There is an undeniable artistic bent to the streets of Dorćol, so it’s no surprise that you’ll find some of the city’s finest vintage shops in this part of town. Whether you’re looking for home accessories or some classic vintage clothing is irrelevant; you’re going to find the items you need in Dorćol. Some of the country’s best fashion designers do their work in the neighbourhood too, further enhancing the artistic trend.
Dorćol functions very much like a typical European old town, but with the added advantage of being a very attractive part of the city to live in. You’ll find many of the city’s best restaurants here, and the variety on offer is impressive. Traditional Serbian cuisine tops the bill, but there are plenty of international options available too. The recommendations are endless, but keep an eye out for Marukoshi (Japanese) and Istok (Vietnamese). If you happen to be drunk, Loki will tick the grease box you so dearly require.

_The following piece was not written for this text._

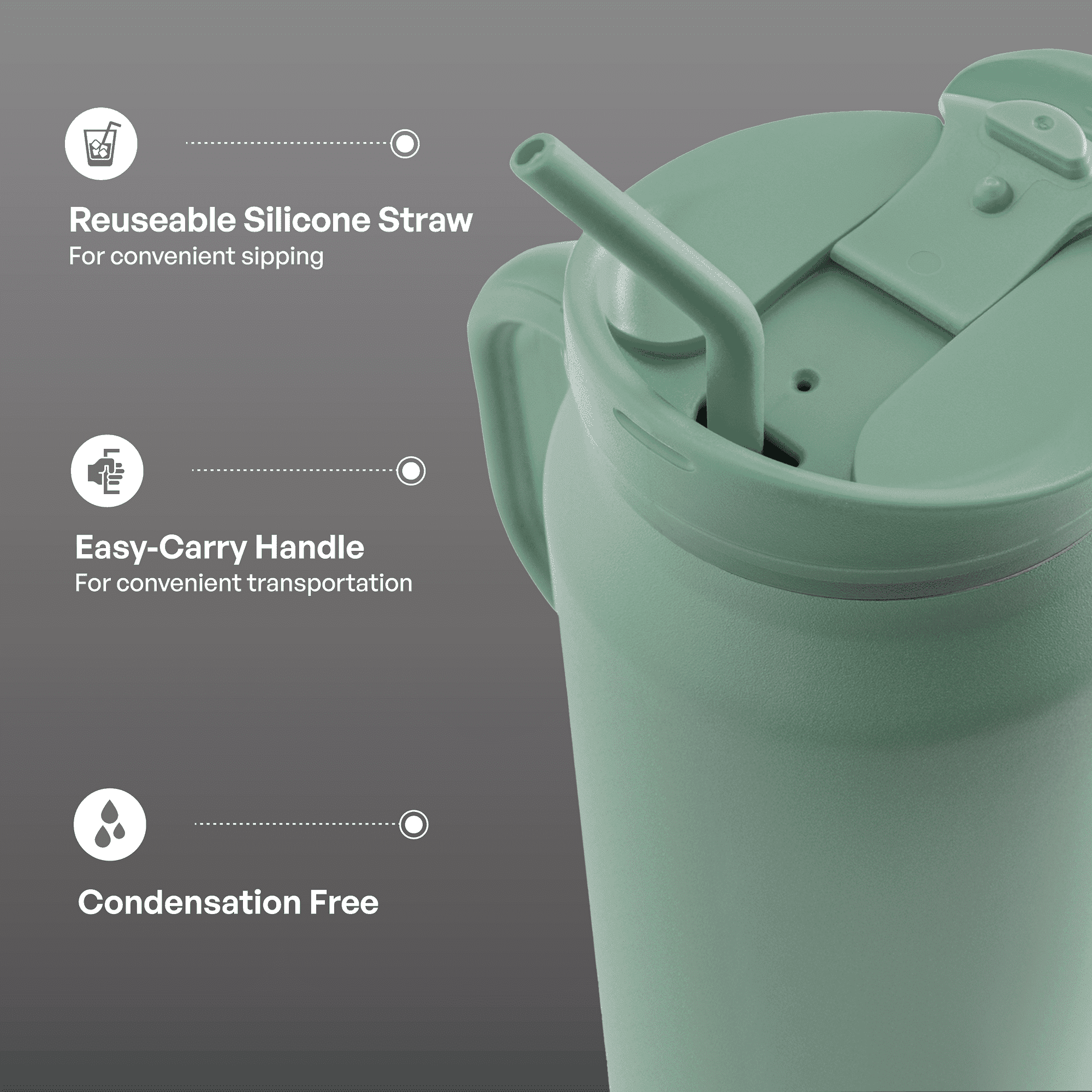 Home > Stainless Steel Basin Travel Mug with Silicone Straw 30 oz, Sage

The National Museum of Serbia may be about to reopen (hopefully), but one of its most fascinating wings has survived the 15 year closure of its parent. The Gallery of Frescoes is just around the corner from the mosque, and houses some of the most impressive artwork in the entire country. The monasteries of Serbia are close to the nation’s heart, and the frescoes within are the best example of the spiritual awareness that is so tangible here.